SpaceX moon flight: Japanese billionaire wants eight people to join him

A Japanese billionaire who abandoned plans to take a lucky lady to the moon and back is now seeking eight friends to share in the adventure instead. 

Yusaku Maezawa, an online fashion tycoon, announced on Twitter that he is seeking creative types from around the world to take part in the six-day voyage.

Applicants will need to fulfill just two criteria to be selected, Maezawa said: Be ready to ‘push the envelope’ creatively and encourage others on board to do the same.

The mission, which will be flown by Elon Musk’s SpaceX, is due to be the first commercial trip around the moon when it launches in 2023.

Japanese billionaire Yusaku Maezawa, who bought all the tickets on SpaceX’s first flight to the moon due in 2023, is seeking eight ‘creative types’ to join him on board

Maezawa paid an undisclosed sum for all the tickets on board the SpaceX craft in 2018, and has since been trying to find someone to go with him.

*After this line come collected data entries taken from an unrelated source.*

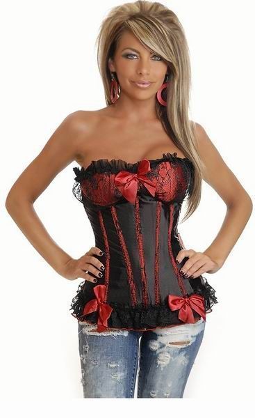Корсет - вулканический бурлеск с мягкими чашечками, декорированный красными бантами, без бретелек, на молнии сзади и застежками сбоку.
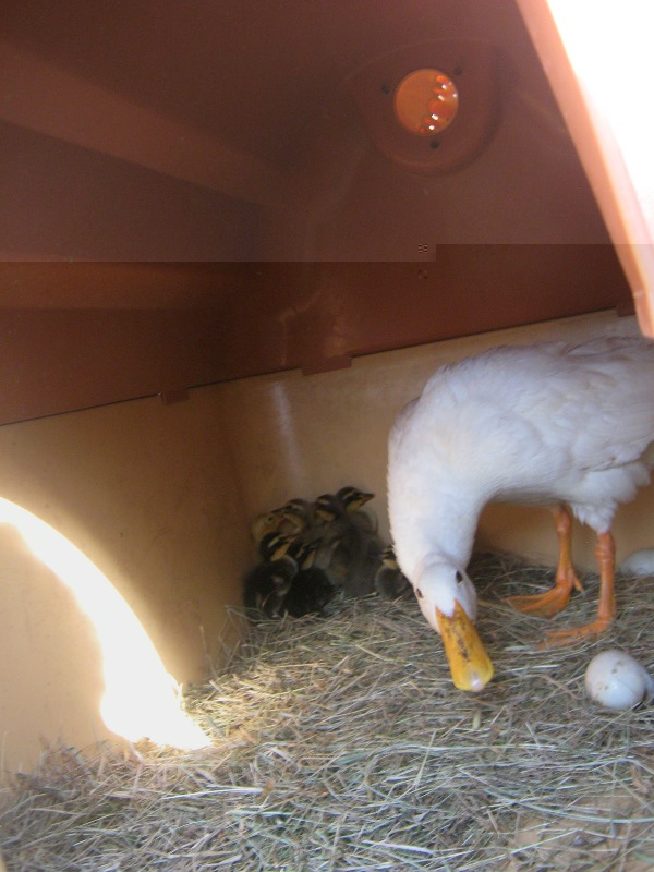 ok, per un'emergenza si possono mettere anche le uova d'anatra sotto la gallina, però avendo provato ora tutte e due le opzioni, posso dire che mamma anatra per gli anatroccoli è tutto un altro mondo  . allego foto, la prima dei piccoli appena nati, le altre due di oggi a 10 giorni di vita
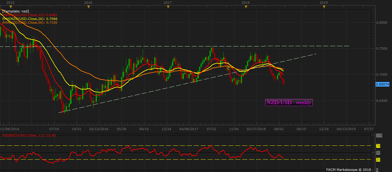 In this review, we based on our latest calculations would like to move the downside target lower to 0.62 area. We expect, the kiwi to test the bottom of 2015 around the price as the strong dollar, trade tensions, and a dovish RBNZ weighs.
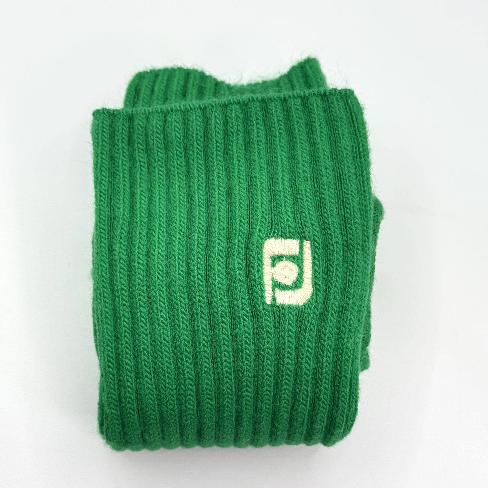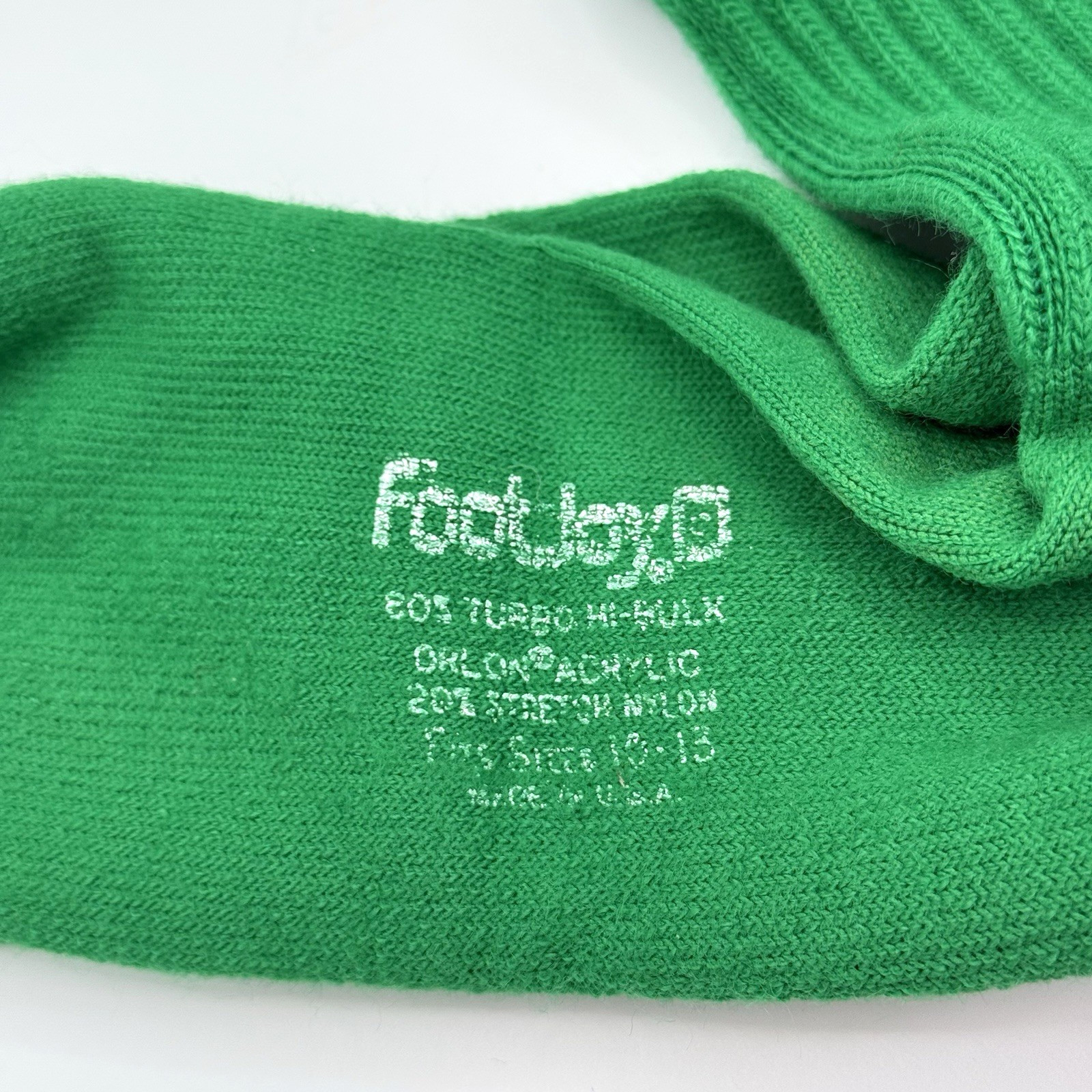 VTG FootJoy Green Ribbed Crew Socks USA Made White FJ Logo Turbo Hi-Bulk 15
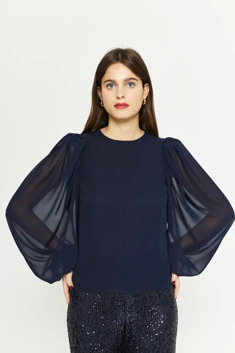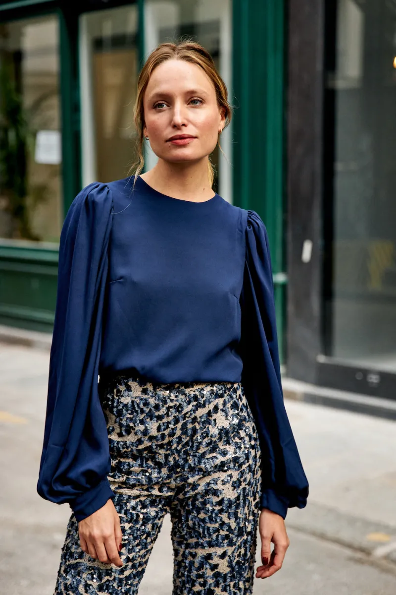 La blouse Georges est une pièce résolument féminine. Ses manches larges, d’une subtile transparence, et resserrées au niveau des poignets vous donneront une allure élégante et glamour.
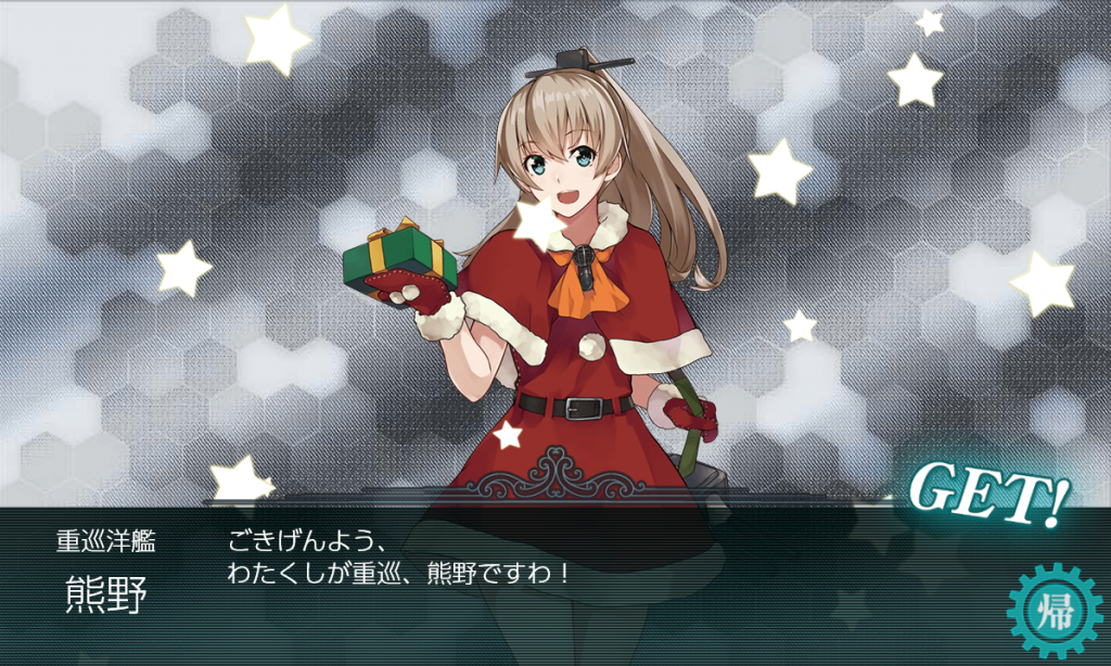 JUGEMテーマ:艦隊これくしょん -艦これ 発動!MG1作戦が始まり、早くも一週間が経過。 グレイル艦隊は、少ないながらも確実に輸送ゲージを減らし、 遂にあと一回成功させることで、輸送任務が完了に到達する。 グレイル艦隊の勝敗の行方は如何に? アイク「俺はアイクだ。よろしく頼む。…ずいぶんと珍しい格好をしているな…。」 熊野「あら?アイク提督、ご存じありませんの?もう季節は冬ですから、クリスマスの時期ですわよ?」 アイク「クリスマス?ああ、アサギ...
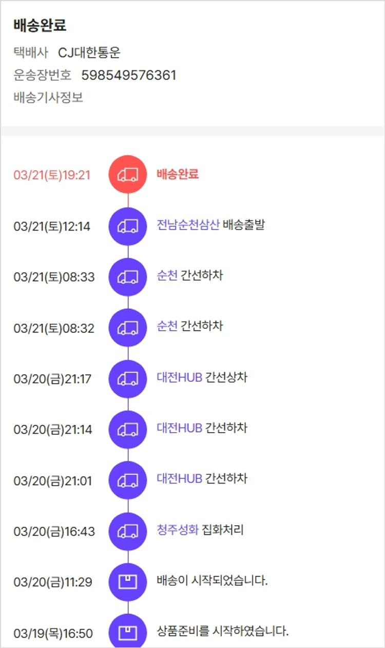 기부자님이 사용한 기부포인트 11,500원, 물품배송비 6,000원, 가격상승분 8,838원, 100원 미만 지원금 82원, 결제 수수료 14,719원, 기타 사업비는 행복나눔재단이 부담했습니다. (기부후기 발송시점에 최종 업데이트 됩니다.) 상품 주문 건 중 품절 발생하여 2026-03-19 재주문하였습니다. 실제 쇼핑몰에서 확인되는 배송현황을 캡처한 내용입니다. 실시간 자료와는 차이가 있을 수 있습니다.

In 2019 he launched a search for a female companion to accompany him – with his search and the eventual journey due to be turned into a television show.

But he canceled the hunt in January last year despite 27,722 women applying, saying he had reservations about the idea.

‘Despite my genuine and honest determination toward the show, there was a part of me that still had mixed feelings about my participation,’ he said at the time.

Last month he teased that another announcement about the trip was coming, before revealing his search for eight new crew mates.

Applications are due by March 14 with screening complete by March 21, after which applicants will be given an assignment and and interview.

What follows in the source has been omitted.